After a quarter of growth, both the model and ecosystem have reached new heights.
Looking back, the piece I wrote last September, Everyone Can Code: Vibe Coding and Problem Scale, remains accurate.
Of course, during these three months, I’ve been even more into vibe coding than before. Now, let’s talk about some new insights.
No Silver Bullet
Most problems don’t have a standard solution—software engineering is all about trade-offs.
AI already possesses the domain knowledge needed for making decisions, but it still can’t make decisions for you. Even if every relevant factor is fed into its context, not everything can be quantified (and AI doesn’t necessarily help quantify them correctly).
However, AI can offer options and explain their rationale, making decision-making much easier.
The Doom of Junior Engineers
Pure junior programmers will become like textile workers—meaning they’ll no longer exist in the future.
You might ask, if there are no junior engineers, how does one grow into a senior? Don’t worry; we won’t need senior programmers either. Just as modern textile factories don’t need senior textile workers, their engineers didn’t come from sewing lines.
Although junior programmers will disappear, a new paradigm will emerge. Those who can master it will still be in demand. The core skill will shift from translating requirements into code to defining acceptance criteria and deep problem correction.
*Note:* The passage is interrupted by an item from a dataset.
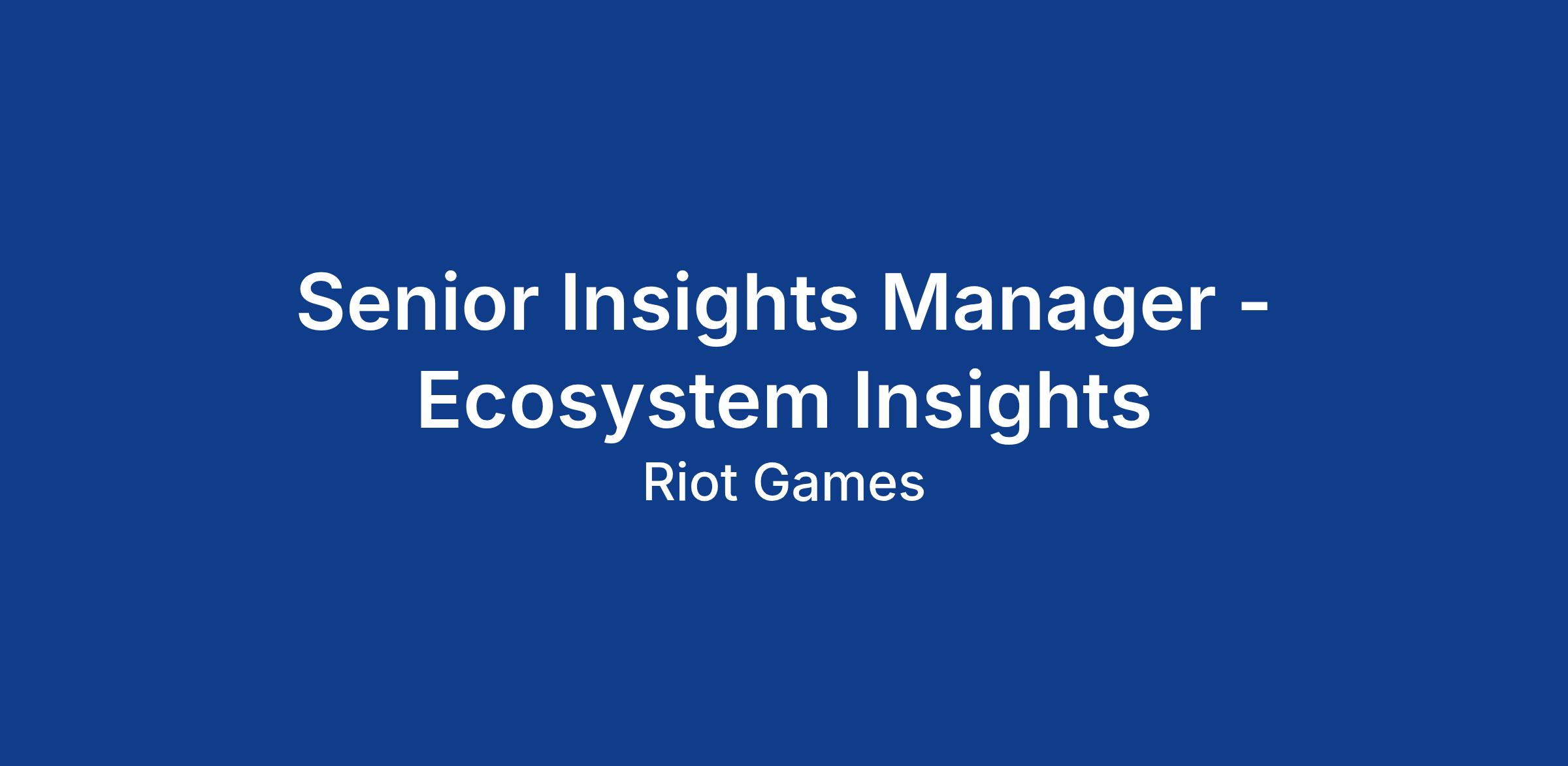 The Ecosystem Insights team serves as Riot’s underwriting body for major ecosystem bets ensuring investments across Esports, Publishing, Platform, CPX, and Entertainment are grounded in rigorous, player-centric evidence. The team works on connecting around-game experiences to downstream player and business outcomes, and partners directly with EcoLT to inform strategy, prioritization, and long-term investment decisions.

Of course, a factory won’t have many senior technicians—certainly not as many as the former textile workers.
A Heavy Sword Has No Edge; True Skill Appears Effortless
After using Codex (gpt‑5.2‑high, without the ‑codex suffix) and Claude Code (Opus 4.5) side by side, I found that a truly strong base model stands out.
Even though Claude Code crushes Codex in features and experience, Codex manages to catch bugs that Claude Code misses, and it often spots root causes that Claude Code overlooks.
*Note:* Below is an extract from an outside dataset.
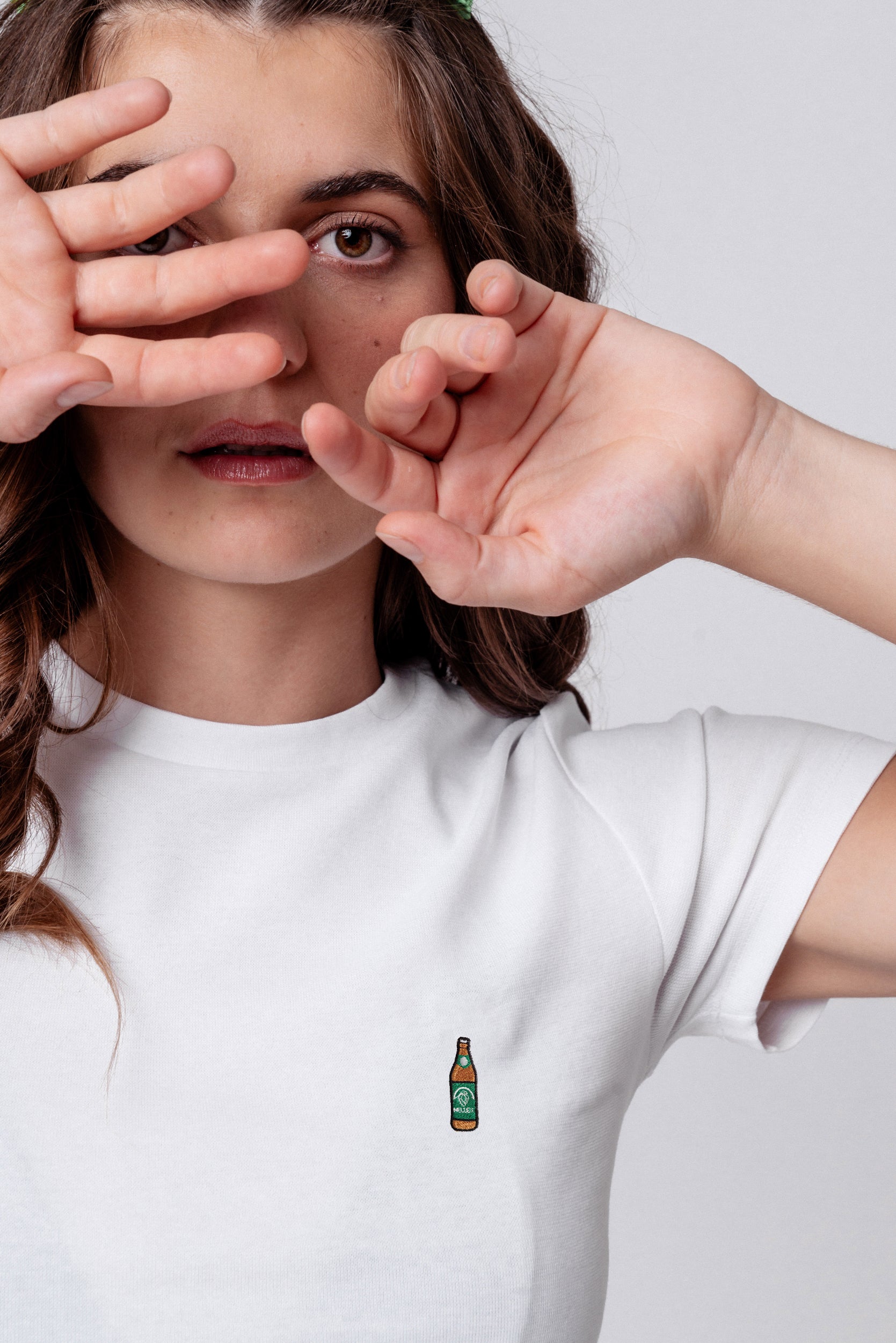 Super hochwertiges Bio Baumwoll Cropped T-Shirt mit gesticktem Starnberg Bräu Design in drei verschiedenen Schnitt-Varianten: Ripped, Regular & Oversized

In a duel where both models review the same piece of code, Codex almost always finds flaws in Claude Code’s review, while Claude Code gives Codex’s review a flawless pass.
It’s the same in daily development—Claude Code tends to be lazy and superficial, while Codex thinks several layers deeper.
The only three drawbacks of Codex: too slow, poor front‑end/UI domain knowledge, and bad aesthetics.
Debugging Becomes Interrogation
When code grows complex enough—and is AI‑generated—I often treat Codex like a suspect. As I review diffs, I ask: “Are you sure you handled concurrency here?” / “What happens if the API returns null?” / “Explain why you used this library instead of that one.”
And so, I’ve shifted from mechanic to prosecutor.
Rather than fixing issues directly, I now press the AI through intense logical questioning, forcing it to expose gaps in reasoning. Perhaps that’s why slow‑thinking models like Codex are irreplaceable in reviews—they can withstand interrogation better.
Beyond Coding
Ever since Claude Code was released, I’ve used it for tasks like organizing computer files—reading PDF contents, then batch‑renaming files based on what’s inside.
It felt a bit like a low‑budget Jarvis 😄 after all, this world too is a kind of runtime.
Later, I realized that Anthropic’s Agent SDK depends on Claude Code as its runtime. Is that paradoxical? Not necessarily.
So I suspect that the Coding Agent might actually be the early form of a General Agent, already validated by Anthropic—and worth exploring:
Code will shift from being a product of human logic to becoming middleware that controls the world.
We’ll no longer write programs for computers to execute, but write requirements for AI to generate code that acts upon the world.
AI‑Oriented vs Human‑Oriented
Now that Agents are first‑class citizens, the endpoint of software delivery is no longer just the human user—it’s also the agent user.
Previously, product managers cared about polished UI and smooth interaction. But those design choices—made to reduce human cognitive load—are now obstacles for Agents.
After all, when your user is an AI that can process tens of thousands of tokens per second, it doesn’t need CSS; it needs precise JSON and deterministic logic.
We may soon need a whole range of services for Agents.